In our opinion, the accompanying financial statements present fairly, in all material respects, the financial position of the Company as of December 31, 2025 and 2024, and its financial performance and its cash flows for the years then ended in accordance with the Regulations Governing the Preparation of Financial Reports by Securities Issuers.

Basis for Opinion

We conducted our audits in accordance with the Regulations Governing Financial Statements Audit and Attestation Engagement of Certified Public Accountants and the Standards on Auditing of the Republic of China. Our responsibilities under those standards are further described in the Auditors' Responsibilities for the Audit of the Financial Statements section of our report. We are independent of the Company in accordance with the Certified Public Accountants Code of Professional Ethics in Republic of China ("the Code"), and we have fulfilled our other ethical responsibilities in accordance with the Code. We believe that the audit evidence we have obtained is sufficient and appropriate to provide a basis of our opinion.

Key Audit Matters

Key audit matters are those matters that, in our professional judgment, were of most significance in our audit of the financial statements of the current period. These matters were addressed in the context of our audit of the financial statements as a whole, and in forming our opinion thereon, and we do not provide a separate opinion on these matters. We have determined the matter described below to be the key audit matters to be communicated in our report.

  1. Revenue Recognition

The accounting principle of revenue recognition, refer to financial statements Note 4 (m); The explanation about revenue recognition, refer to financial statements Note 6 (v).

25


Description of key audit matters:

The Company’s revenues are derived from the sale of blood glucose meters and test strips to domestic and foreign clients. The Company’s sales are widely distributed across various regions and most of its clients are foreign customers, the timing of revenue recognition varies depending on the transaction terms with different clients. Therefore, as the financial reporting date approaches, there is a risk that certain revenues may not be recorded in the correct period.
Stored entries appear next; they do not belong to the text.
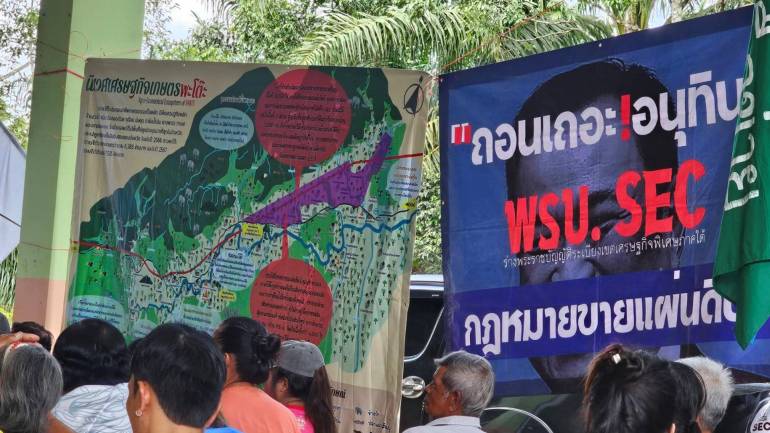 เรื่อง พ.ร.บ.SEC 4 ร่างของพรรคภูมิใจไทย พรรครวมไทยสร้างชาติ และรัฐบาลแพทองธาร ซึ่งได้มอบหมายให้สำนักนโยบายและแผนการขนส่งจราจร (สนข.) จัดทำ เนื้อหาไม่ต่างกัน ประชาชนในพื้นที่ไม่เห็นด้วย อยากให้เสนอแผนพัฒนาภาคใต้ที่ยั่งยืน สนับสนุนการเกษตร ซึ่งมีรายได้รายวันจากยางพารา รายได้ราย 2 สัปดาห์จากปาล์มน้ำมัน และรายได้รายปีจากมังคุดทุเรียนผลไม้ อากาศที่นี่ดีอยู่แล้ว ไม่ต้องเอาสิ่งแปลกปลอมมาให้คนพะโต๊ะ
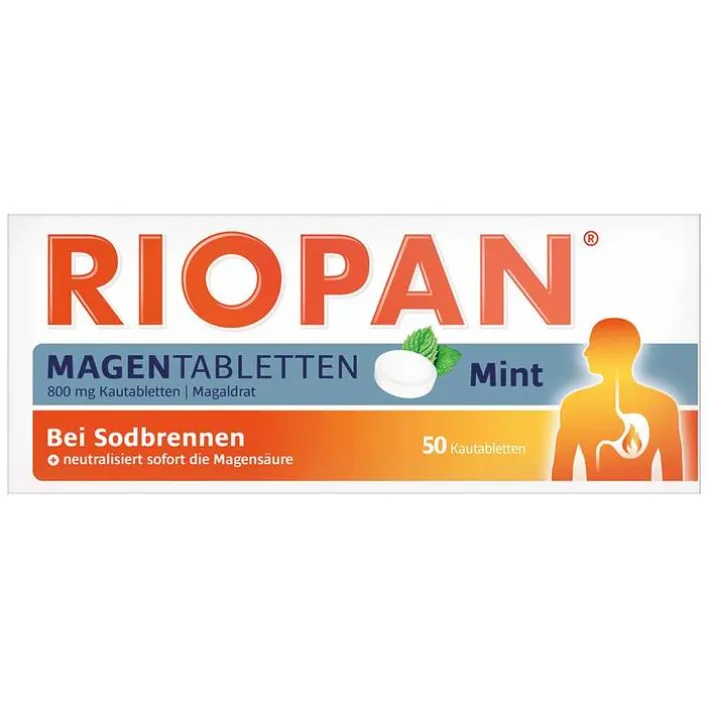 RIOPAN® Magen Tabletten Mint 800 mg Kautabletten: 1 Kautablette enthält 800 mg wasserfreies Magaldrat. Anwendung: Sodbrennen und säurebedingte Magenbeschwerden; symptomatische Behandlung von Magen- und Zwölffingerdarmgeschwüren. Warnhinweise: Enthält Sorbitol und Menthol. Packungsbeilage beachten. Weitere Hinweise siehe Fach- und Gebrauchsinfo. Zu Risiken und Nebenwirkungen lesen Sie die Packungsbeilage und fragen Sie Ihre Ärztin, Ihren Arzt oder in Ihrer Apotheke. Stand: 09/2019
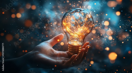 Hand holding a glowing light bulb with sparks.
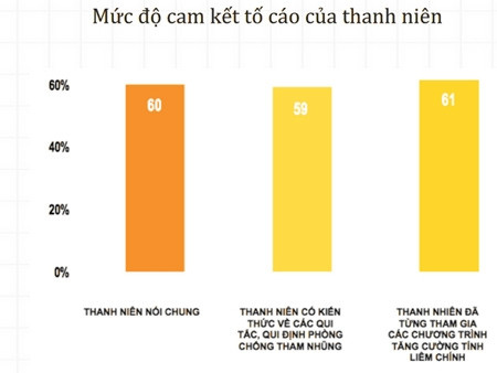 Nghiên cứu cũng cho thấy mức độ cam kết tố cáo của thanh niên chưa từng tham gia vào những chương trình giáo dục, tăng cường liêm chính, và của thanh niên đã qua những khoá tập huấn này, là tương đương nhau, đều ở mức độ trên dưới 60%.
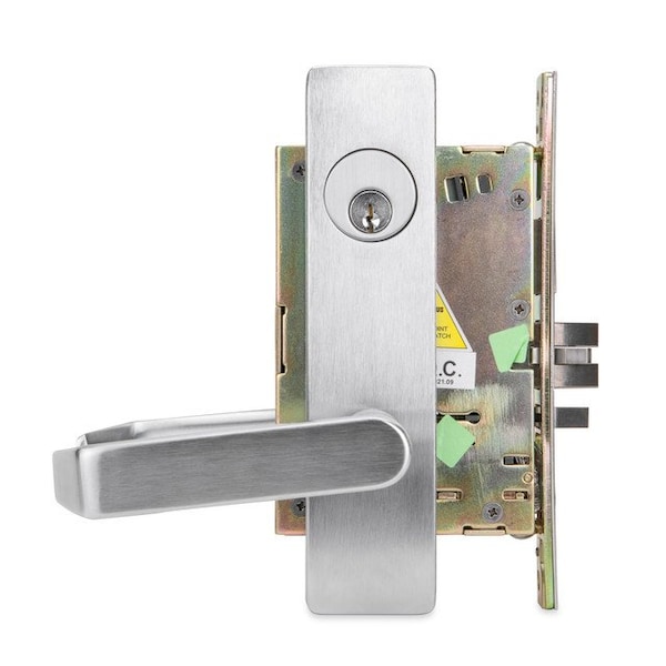 The DXML mortise lockset is designed for heavy-duty commercial and industrial applications. This series meets ADA handicap compliance and meets a 3-hour fire rating. Featuring a specified left-handed or right-handed latch bolt, these mortise locks provide amazing security for any mortise prepped door. This hardware includes an ADA lever along with an ADA approved strike. This lockset comes in a chrome finish to fit in with any industrial or commercial aesthetic.
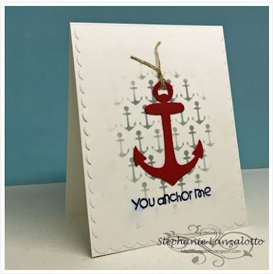 Dawn's Rocker: This is a quintessential masculine card. The white waves on the background and the white anchor with the sentiment on red certainly make the card pop.

Therefore, testing whether revenue was recognized in the correct period is one of our key audit matters.

How the matter was addressed in our audit

Our principal audit procedures included: testing the Company’s efficacy on the design and operation of internal controls surrounding revenue, which includes confirming the terms in the sales contract to ensure the revenue is being recorded accurately; selecting the sales transaction before and after the balance sheet date on a sample basis, inspecting the related accounting documents, as well as evaluating whether the revenue is recorded in the appropriate period.

  1. Assessment of Intangible Assets impairment

For the accounting principle of Intangible Assets-Patent, assessment on accounting estimate and assumption uncertainty, and explanation of Intangible Assets assessment, please refer to Note 4 (k) “Intangible Assets”, Note 5, and Note 6 (i), respectively.

Description of key audit matters:

Since the Company’s Intangible Assets- Patent at fair value amounted to $906,700 thousand, the management assessed the impairment test based on the provisions of International Accounting Standards No. 36 "Impairment of Assets". As the cash generating units determine the recoverable amount relating to future annual budget estimates, this subjective judgment is an accounting estimate with highly estimated uncertainty. Therefore, the Company's intangible assets have been identified as one of our key audit matters.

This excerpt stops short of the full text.